I am interested in finding examples of finitely-generated non-free groups $H$ such that $H$ is a finite index subgroup of some group $G$ and $H$ acts without edge-inversion on some tree $T$ with finite edge-stabilizers. I am unsure what sort of constraints can be placed on $H$ in this context. I am familiar with Bass-Serre Theory but I am still new to it.

I would also be interested in the case that $H$ is free but its action on $T$ is not.

Any ideas/advice would be greatly appreciated.

Answer 1

As I mentioned in the comments, free products give you actions on trees with the properties you desire.
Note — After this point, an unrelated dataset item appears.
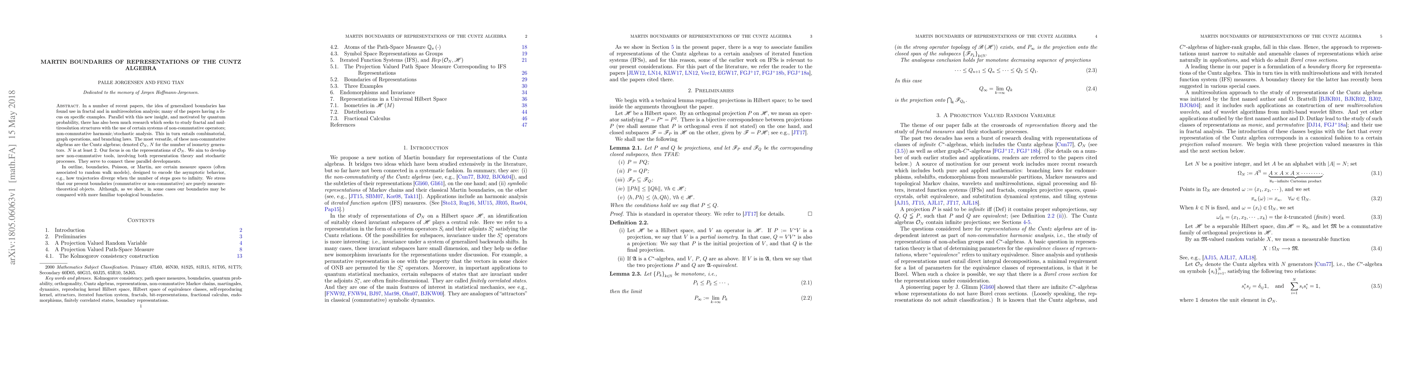 In a number of recent papers, the idea of generalized boundaries has found use in fractal and in multiresolution analysis; many of the papers having a focus on specific examples. Parallel with this new insight, and motivated by quantum probability, there has also been much research which seeks to study fractal and multiresolution structures with the use of certain systems of non-commutative operators; non-commutative harmonic/stochastic analysis. This in turn entails combinatorial, graph operations, and branching laws. The most versatile, of these non-commutative algebras are the Cuntz algebras; denoted $\mathcal{O}_{N}$, $N$ for the number of isometry generators. $N$ is at least 2. Our focus is on the representations of $\mathcal{O}_{N}$. We aim to develop new non-commutative tools, involving both representation theory and stochastic processes. They serve to connect these parallel developments. In outline, boundaries, Poisson, or Martin, are certain measure spaces (often associated to random walk models), designed to encode the asymptotic behavior, e.g., how trajectories diverge when the number of steps goes to infinity. We stress that our present boundaries (commutative or non-commutative) are purely measure-theoretical objects. Although, as we show, in some cases our boundaries may be compared with more familiar topological boundaries.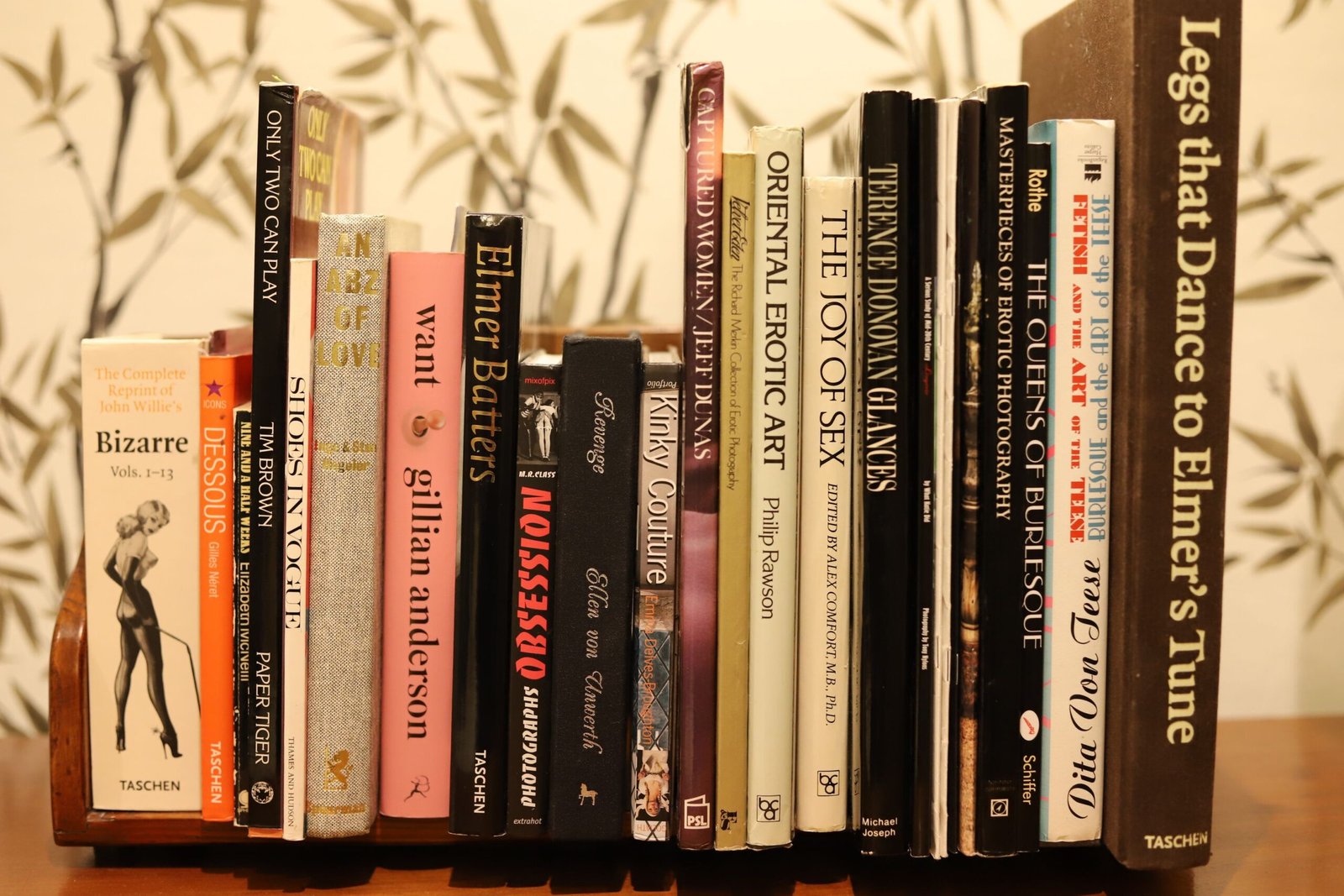 And you, my fellow hedonists, may well have a bedroom bookshelf, as we do — one that can be discreetly covered with a scarf when Granny comes to stay…

1. If $A$ or $B$ are non-free groups then the free product $A*B$ acts on its Bass-Serre tree with trivial (hence finite) edge stabilisers.
2. If $A$ and $B$ are free groups then the free product $A*B$ is free but acts non-freely on its Bass-Serre tree (as vertex stabilisers are non-trivial).

I wrote out a description of the Bass-Serre tree for a free product $A*B$ and the associated action here.

More exotic examples can be cooked up using HNN-extensions or free products with amalgamation (e.g. finite but non-trivial edge stabilisers in (1)).